That is not the problem.

The problem is using runtime to discover institutional intent.

A flight plan does not eliminate the surprises of flight. It ensures that the crew did not decide the destination in mid-air.

The rigor of preparation should scale across three variables: consequence, reversibility, and autonomy.

The greater the institutional consequence of an action, the more explicit its behavioral requirements should become.

The more difficult the action is to reverse, the stronger its evidence and authorization conditions should be.

The more independently an agent may act, the clearer its authority boundaries, escalation logic, refusal conditions, and accountability allocation must become.

This does not mean attempting to enumerate every possible response or eliminating adaptive behavior.
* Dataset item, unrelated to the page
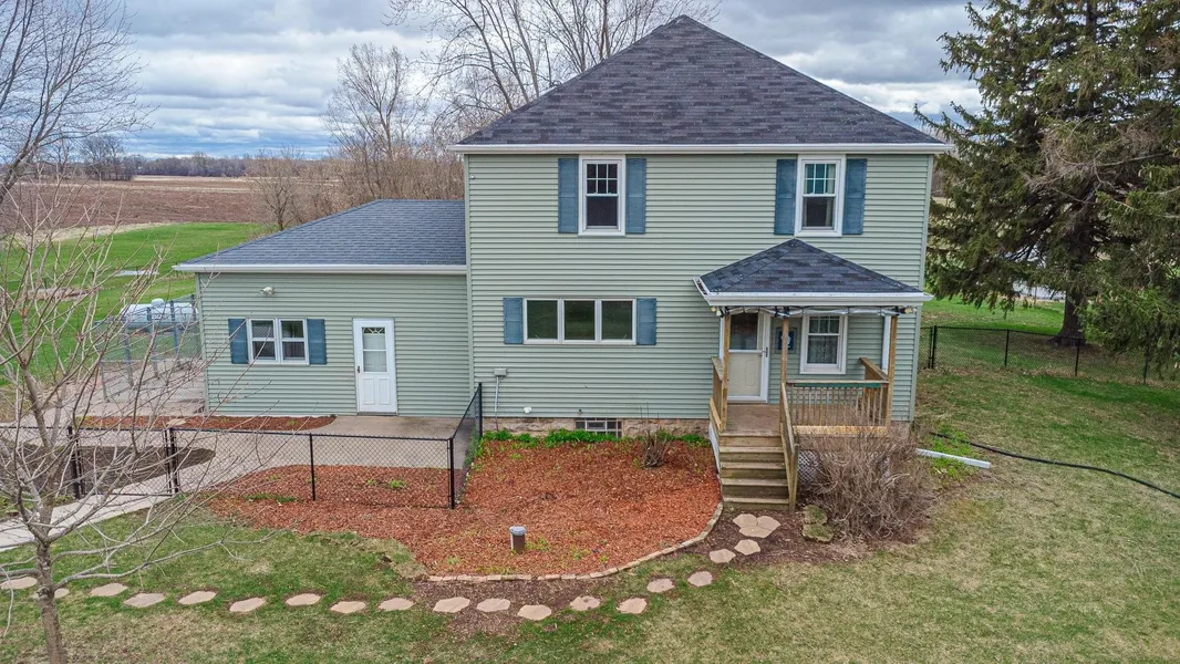 Escape to country living in this charming 4-BR, 1.5-BA home on 40 acres! This 2 story, farmhouse offers original hardwood floors, dream kitchen w island, new appliances, updated electrical/HVAC & a new instant hot water heater! Main floor offers 1st floor laundry, mud/flex room as well as a den/craft/5th BR space. Enjoy fenced in yard, outdoor dog kennels, 8x8 chicken coop (8x16 run w heater) & 5 nesting boxes, 3 raised garden beds and firepit. Ripe for the harvest w 2 peach trees, blackberry, raspberry and black raspberry bushes plus River Grapes that taste like Concords! Outdoor living includes a serene pond, 1st grade tillable acreage, and woods for exploring or hunting. 4 deer stands included New Mound in 2023. This is the perfect blend of comfort, self-sufficiency, and space to roam!

It means specifying material behavior: the decisions, boundaries, conditions, and forms of conduct where deviation could create institutional consequence.
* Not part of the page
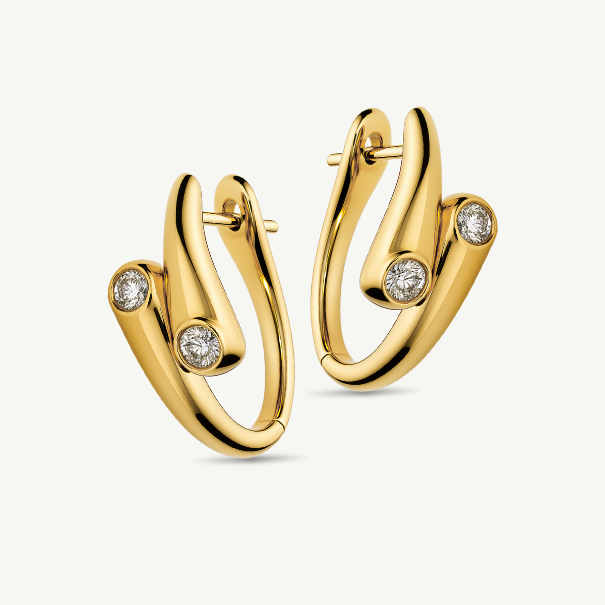Realizzati in oro giallo 18Kt, presentano due diamanti taglio brillante per una caratura complessiva di 0,28ct, incastonati con maestria alle estremità delle forme morbide e fluide che caratterizzano la collezione Bubble.

A low-consequence assistant that produces easily reversible suggestions may require a lightweight behavioral definition. An agent that can move funds, alter contractual positions, shape professional judgment, affect customer rights, create institutional liability, or initiate regulated actions requires substantially greater rigor.

The purpose is not to script every action.

It is to prevent institutional authority from emerging accidentally.

In consequential workflows, behavior is no longer an implementation detail. Behavior is the product.

The questions that moved upstream

In traditional software, design concentrated heavily on screens, flows, states, and interactions.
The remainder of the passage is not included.